== Supplied records

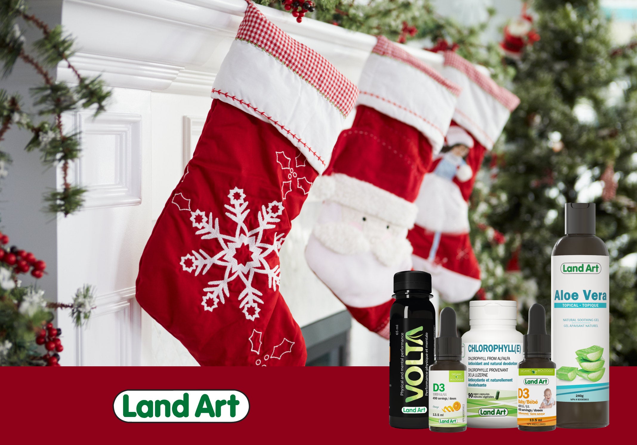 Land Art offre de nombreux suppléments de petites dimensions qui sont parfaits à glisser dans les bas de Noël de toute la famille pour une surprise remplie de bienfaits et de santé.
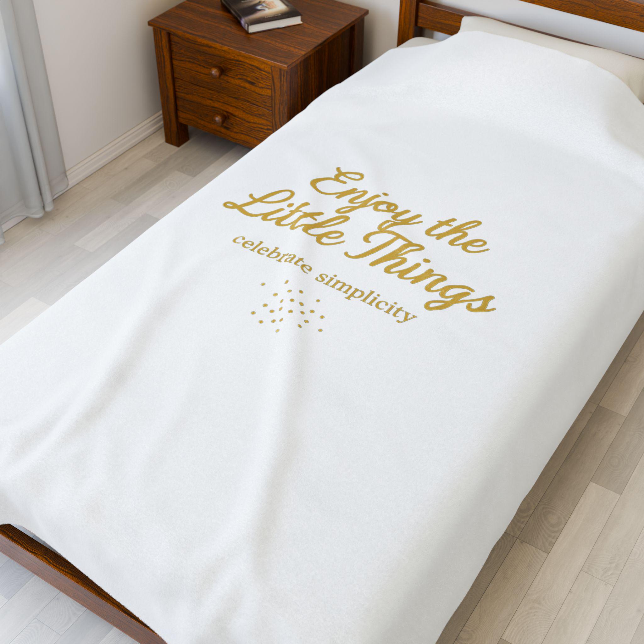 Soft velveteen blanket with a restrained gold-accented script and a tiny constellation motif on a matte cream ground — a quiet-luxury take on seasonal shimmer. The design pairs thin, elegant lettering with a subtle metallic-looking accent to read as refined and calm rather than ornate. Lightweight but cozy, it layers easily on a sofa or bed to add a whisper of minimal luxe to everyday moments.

====
== Supplied records

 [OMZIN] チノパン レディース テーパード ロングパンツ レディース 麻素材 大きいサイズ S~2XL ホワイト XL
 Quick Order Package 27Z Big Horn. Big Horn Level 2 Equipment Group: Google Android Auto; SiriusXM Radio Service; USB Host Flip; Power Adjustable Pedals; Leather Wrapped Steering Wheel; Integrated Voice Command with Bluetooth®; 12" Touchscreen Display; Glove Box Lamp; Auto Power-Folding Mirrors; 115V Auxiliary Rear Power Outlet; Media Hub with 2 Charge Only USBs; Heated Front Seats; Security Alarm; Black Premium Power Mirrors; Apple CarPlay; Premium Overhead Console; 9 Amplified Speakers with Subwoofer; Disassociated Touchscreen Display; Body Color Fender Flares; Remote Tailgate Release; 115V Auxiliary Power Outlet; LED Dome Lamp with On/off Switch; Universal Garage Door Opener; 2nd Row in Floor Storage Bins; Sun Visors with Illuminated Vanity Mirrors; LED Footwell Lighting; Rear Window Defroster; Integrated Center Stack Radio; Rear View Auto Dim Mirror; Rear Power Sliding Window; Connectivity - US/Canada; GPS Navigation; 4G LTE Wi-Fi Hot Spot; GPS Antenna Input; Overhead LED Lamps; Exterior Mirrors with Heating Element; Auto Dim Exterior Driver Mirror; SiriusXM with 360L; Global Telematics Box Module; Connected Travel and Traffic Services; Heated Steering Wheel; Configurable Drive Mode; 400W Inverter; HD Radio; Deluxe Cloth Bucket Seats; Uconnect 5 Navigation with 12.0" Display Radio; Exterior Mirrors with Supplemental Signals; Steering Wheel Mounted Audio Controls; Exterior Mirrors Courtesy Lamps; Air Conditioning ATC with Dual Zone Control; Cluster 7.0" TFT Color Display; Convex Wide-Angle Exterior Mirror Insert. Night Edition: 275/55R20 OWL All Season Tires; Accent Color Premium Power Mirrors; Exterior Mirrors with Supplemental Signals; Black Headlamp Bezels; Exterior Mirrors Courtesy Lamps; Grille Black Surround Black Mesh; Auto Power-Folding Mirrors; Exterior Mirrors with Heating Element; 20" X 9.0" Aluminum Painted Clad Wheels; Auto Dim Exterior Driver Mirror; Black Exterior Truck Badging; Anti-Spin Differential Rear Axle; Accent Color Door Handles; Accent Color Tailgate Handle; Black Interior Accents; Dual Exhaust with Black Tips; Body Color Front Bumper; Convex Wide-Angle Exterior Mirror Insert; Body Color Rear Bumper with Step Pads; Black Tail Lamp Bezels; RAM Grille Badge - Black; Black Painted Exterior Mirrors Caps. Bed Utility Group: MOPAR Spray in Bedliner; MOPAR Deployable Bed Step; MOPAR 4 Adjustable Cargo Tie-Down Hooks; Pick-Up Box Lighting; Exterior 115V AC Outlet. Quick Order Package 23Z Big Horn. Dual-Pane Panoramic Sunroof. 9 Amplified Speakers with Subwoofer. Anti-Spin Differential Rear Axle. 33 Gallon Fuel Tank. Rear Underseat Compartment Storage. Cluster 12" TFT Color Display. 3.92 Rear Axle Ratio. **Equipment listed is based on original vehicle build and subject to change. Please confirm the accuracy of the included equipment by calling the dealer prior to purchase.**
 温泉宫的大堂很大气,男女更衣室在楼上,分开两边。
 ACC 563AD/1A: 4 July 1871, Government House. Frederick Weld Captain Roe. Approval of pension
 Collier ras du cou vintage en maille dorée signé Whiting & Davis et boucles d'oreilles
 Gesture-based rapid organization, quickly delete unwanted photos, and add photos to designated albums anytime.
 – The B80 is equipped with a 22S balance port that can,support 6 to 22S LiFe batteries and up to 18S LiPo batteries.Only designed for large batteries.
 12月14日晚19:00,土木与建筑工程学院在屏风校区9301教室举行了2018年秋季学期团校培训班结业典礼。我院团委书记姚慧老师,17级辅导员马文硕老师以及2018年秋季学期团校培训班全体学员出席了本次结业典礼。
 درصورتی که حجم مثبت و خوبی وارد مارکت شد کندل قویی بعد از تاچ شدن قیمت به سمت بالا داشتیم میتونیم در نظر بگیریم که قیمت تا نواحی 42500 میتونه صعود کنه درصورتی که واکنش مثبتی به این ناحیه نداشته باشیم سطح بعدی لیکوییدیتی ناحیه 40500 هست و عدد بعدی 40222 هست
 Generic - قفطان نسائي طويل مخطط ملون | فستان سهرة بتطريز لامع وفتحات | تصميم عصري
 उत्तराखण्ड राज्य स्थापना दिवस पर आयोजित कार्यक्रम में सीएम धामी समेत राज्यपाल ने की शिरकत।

====

Exercise directions
Which part of the entries opens with the line containing "Land Art offre" and closes with the line containing "Soft velveteen blanket"? Output that part exactly, ends included, pictures excluded.

Task result
 Land Art offre de nombreux suppléments de petites dimensions qui sont parfaits à glisser dans les bas de Noël de toute la famille pour une surprise remplie de bienfaits et de santé.
 Soft velveteen blanket with a restrained gold-accented script and a tiny constellation motif on a matte cream ground — a quiet-luxury take on seasonal shimmer. The design pairs thin, elegant lettering with a subtle metallic-looking accent to read as refined and calm rather than ornate. Lightweight but cozy, it layers easily on a sofa or bed to add a whisper of minimal luxe to everyday moments.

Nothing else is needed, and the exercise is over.